*How to complete this task*:
Starting at the line containing "1月新开户数491万 同比大增213%!一图速览近五年开户数与大盘走势" and ending at the line containing "ПК 2.1. Подготавливать", print every line of the material below exactly, both ends included, and stop there.

*Working data*:
• • • •
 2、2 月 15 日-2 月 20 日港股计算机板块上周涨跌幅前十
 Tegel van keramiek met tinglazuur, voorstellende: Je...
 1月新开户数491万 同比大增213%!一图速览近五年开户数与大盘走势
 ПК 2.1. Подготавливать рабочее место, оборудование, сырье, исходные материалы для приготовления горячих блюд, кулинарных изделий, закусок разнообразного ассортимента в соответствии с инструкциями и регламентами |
• • • •
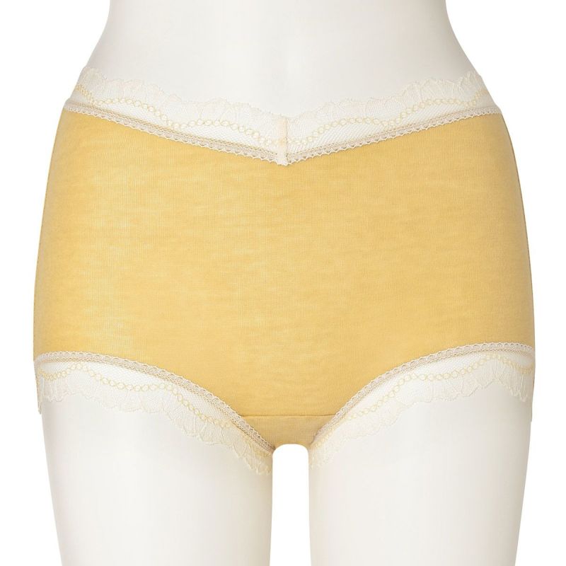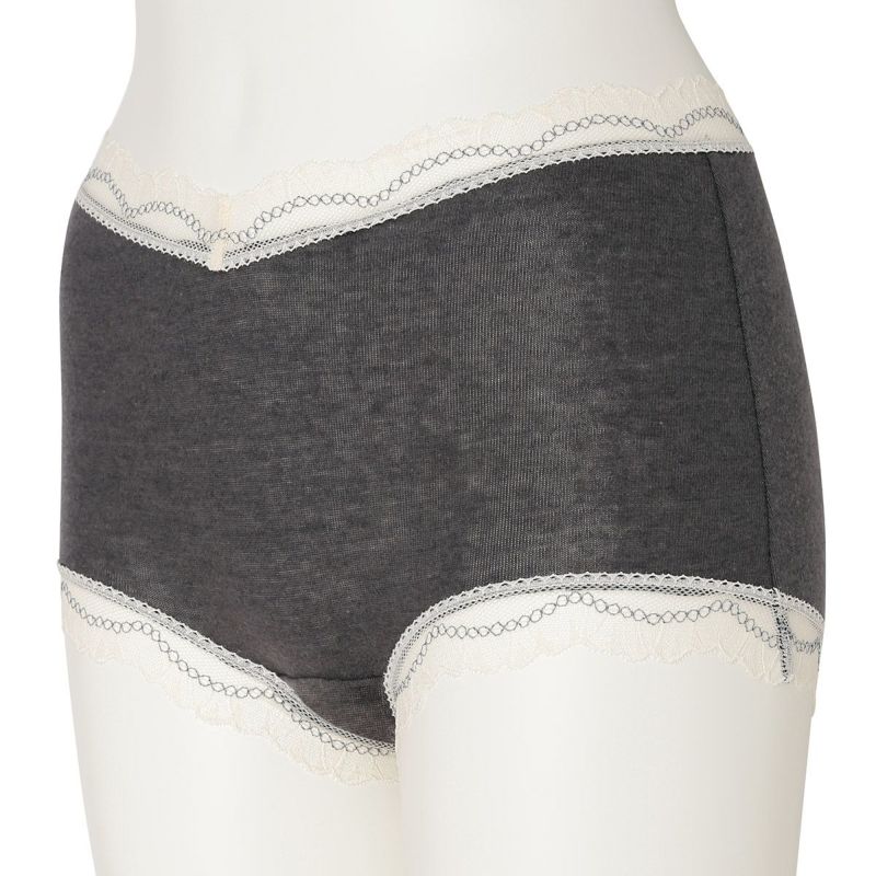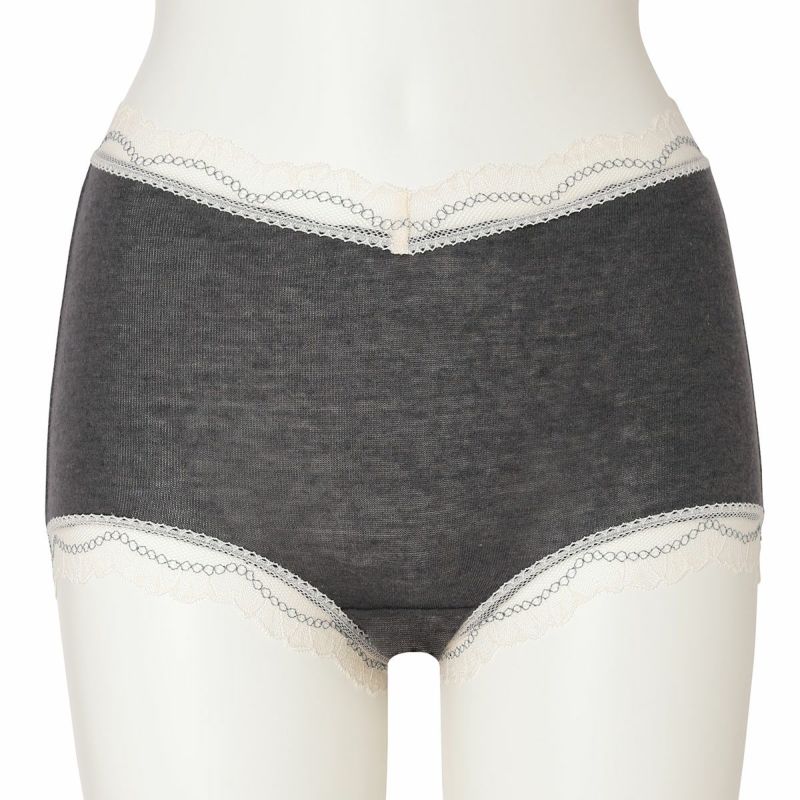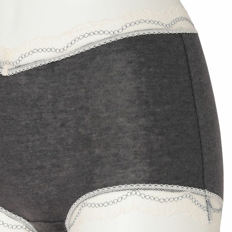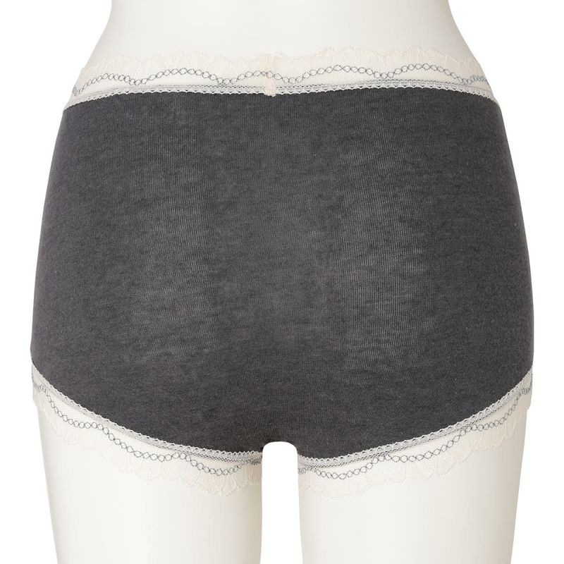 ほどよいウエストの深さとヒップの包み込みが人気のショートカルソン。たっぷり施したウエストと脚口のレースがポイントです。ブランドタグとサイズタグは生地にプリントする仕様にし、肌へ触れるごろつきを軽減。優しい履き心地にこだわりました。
• • • •
*Exercise answer*:
 1月新开户数491万 同比大增213%!一图速览近五年开户数与大盘走势
 ПК 2.1. Подготавливать рабочее место, оборудование, сырье, исходные материалы для приготовления горячих блюд, кулинарных изделий, закусок разнообразного ассортимента в соответствии с инструкциями и регламентами |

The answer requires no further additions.